- Data records:
Segment Open

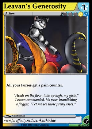 Gender: Otherkind / Male AP Cost: 1 GP Cost: ![]() ![]() Type: Action Skills: All your Furres get a pain counter. Flavor Text: "Heads on the floor, tails up high, my girls." Leavan commanded, his paws brandishing a flogger, "Let me see those pretty asses." Artist: Keishinkae Edition: Triskelion Rarity: Uncommon Collector's Number: 113 / 130 | |
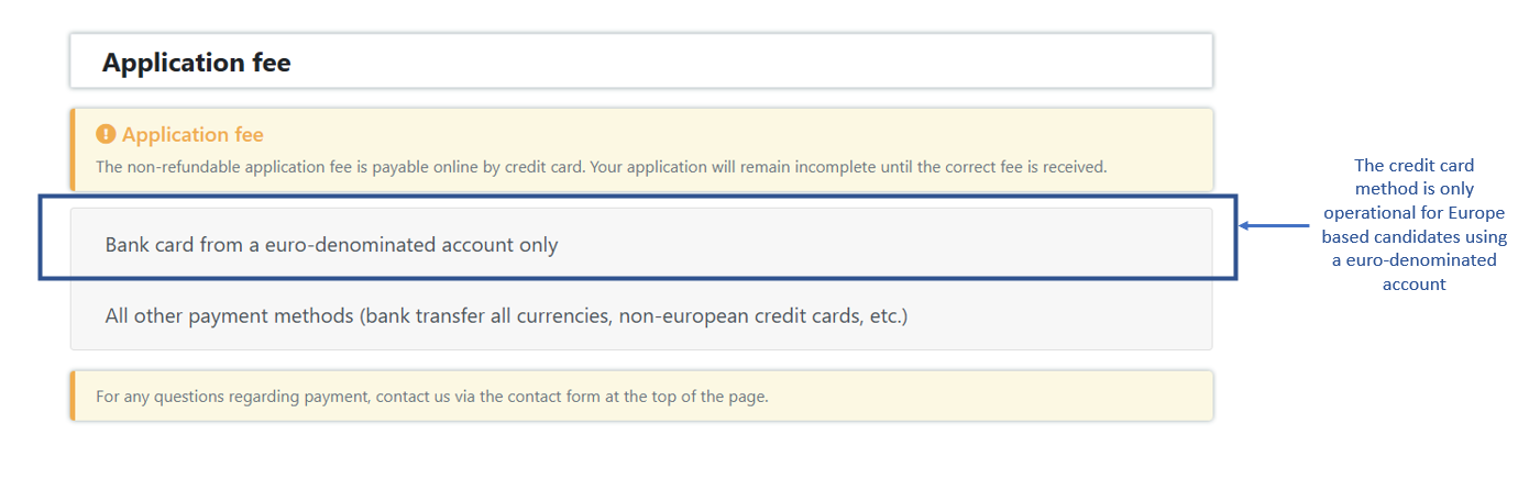 Thus, if you are a candidate based in Europe using a euro-denominated account, you will be able to use the “bank card” option as indicated in the screenshot below:
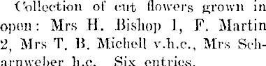 Collection of out flowers grown in open: Mrs H. Bishop 1, F. Martin 2, Mrs T. B. Michell v.h.c., Mrs Scharnweber li.e. Six entrie-s.
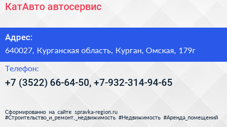 КатАвто, автосервис по адресу 640027, Курганская область, Курган, Омская, 179г в дальнейшем Организация, размещена в следующих категориях:
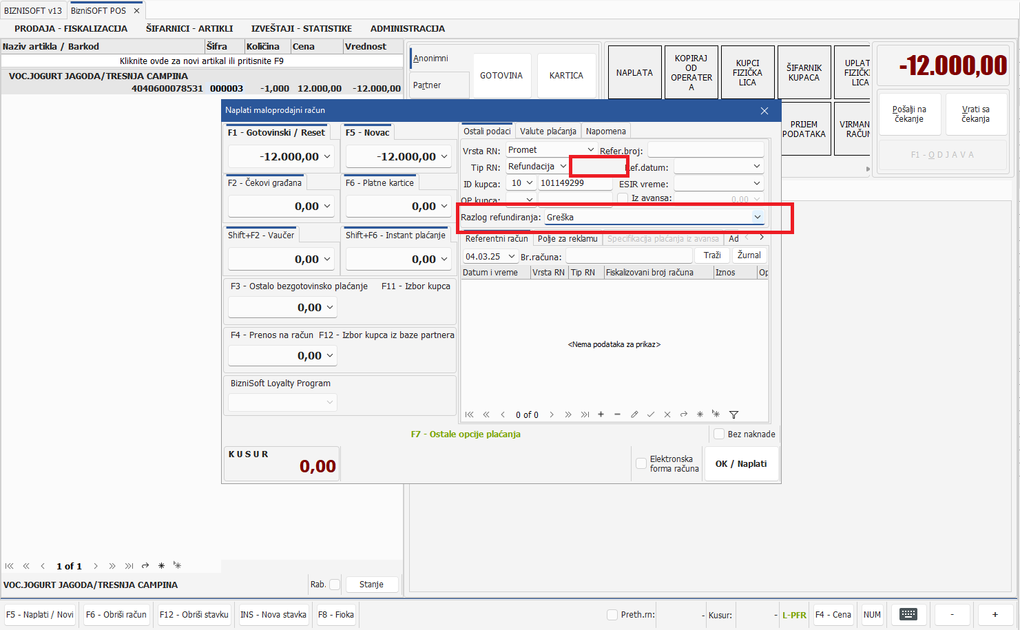 U novijim postavkama verzije unapređena je procedura refundacije fiskalnih računa. U prethodnim verzijama, postojale su dve opcije: refundacija ili greška, što nije dovoljno u uslovima knjiženja refundacije fiskalnog računa u EE PDV. Iz tog razloga, izbačena je opcija Greška u formi naplate i zamenjena novom opcijom Razlog refundiranja koja će biti vidljiva samo u slučaju izdavanja tipa računa refundacija:
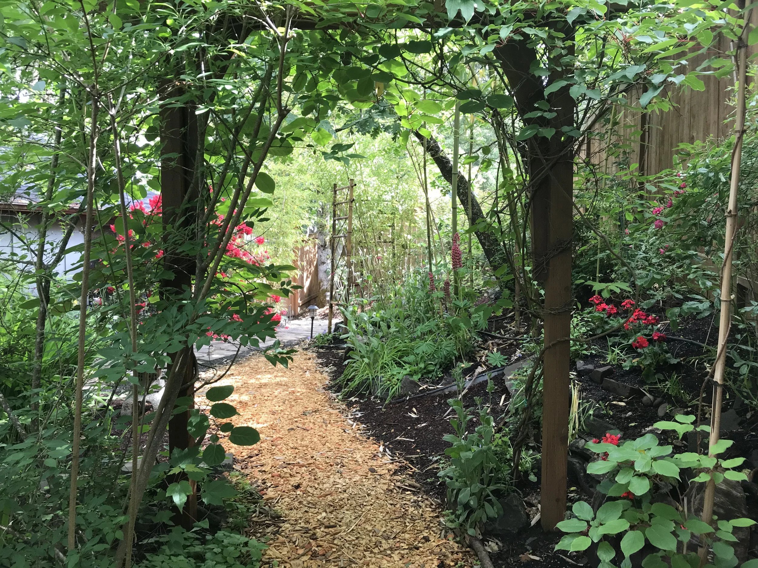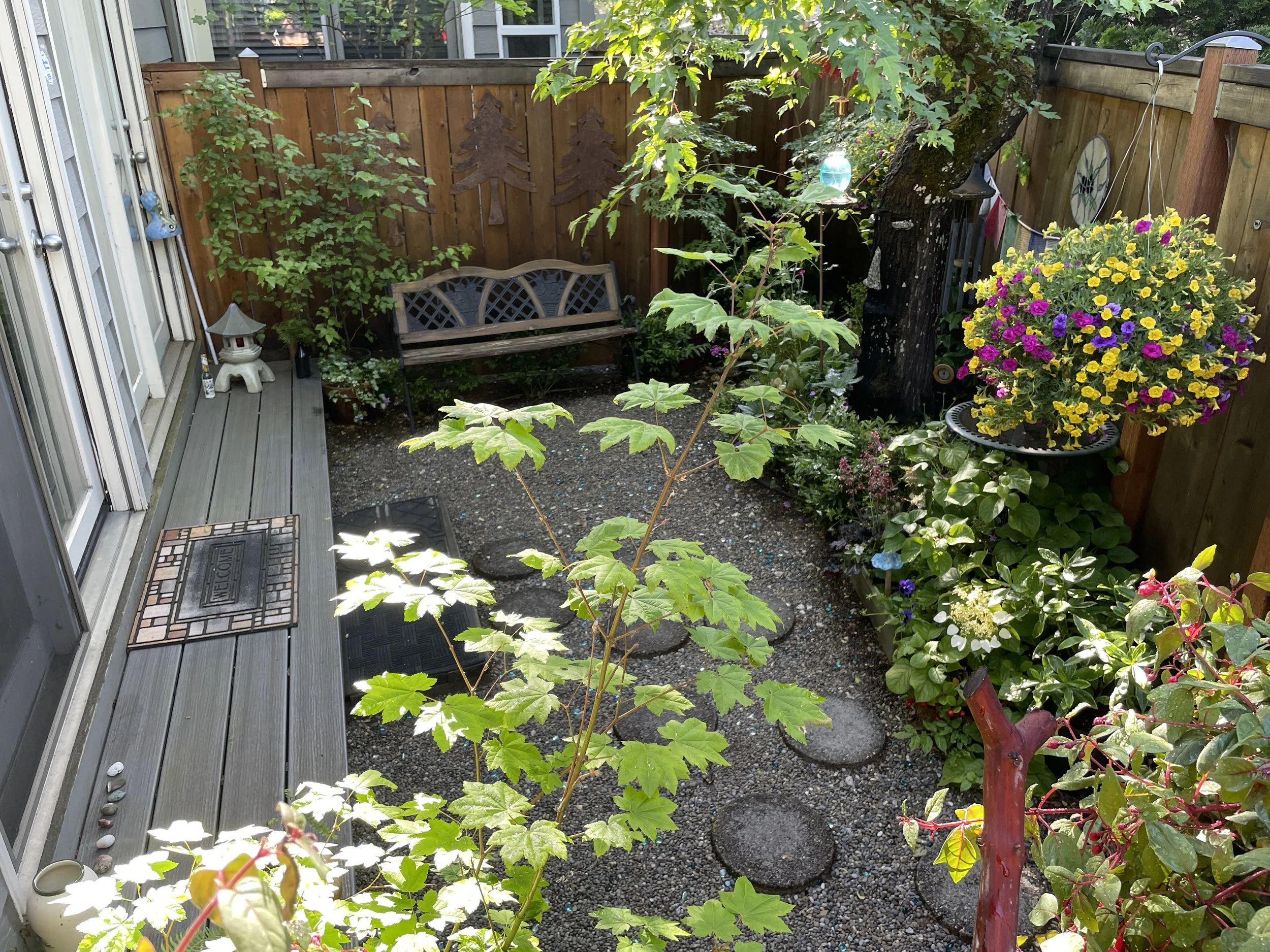 Hummingbird View of EPIC’s Private Courtyard, which is attached to our Garden Room. We also have a sturdy cot-hammock that gets good use.
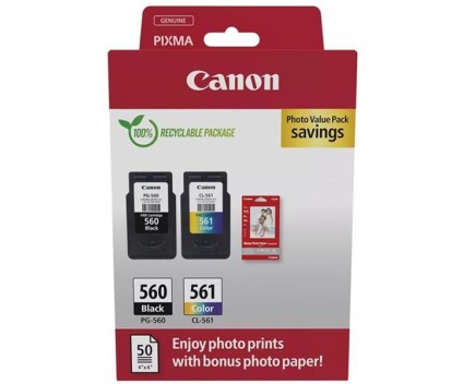 2 Tinteiros Originais, Canon PG-560 / CL-561 Preto 7.5ml + Cor 8.3ml + 50 Folhas 10x15cm

Segment Closed

- Brief: Up to and including the line that holds "Thus, if you", restate word for word each line of the records from their start, and only those lines, leaving out the pictures.

- Expected output:
 Gender: Otherkind / Male AP Cost: 1 GP Cost: ![]() ![]() Type: Action Skills: All your Furres get a pain counter. Flavor Text: "Heads on the floor, tails up high, my girls." Leavan commanded, his paws brandishing a flogger, "Let me see those pretty asses." Artist: Keishinkae Edition: Triskelion Rarity: Uncommon Collector's Number: 113 / 130 | |
 Thus, if you are a candidate based in Europe using a euro-denominated account, you will be able to use the “bank card” option as indicated in the screenshot below:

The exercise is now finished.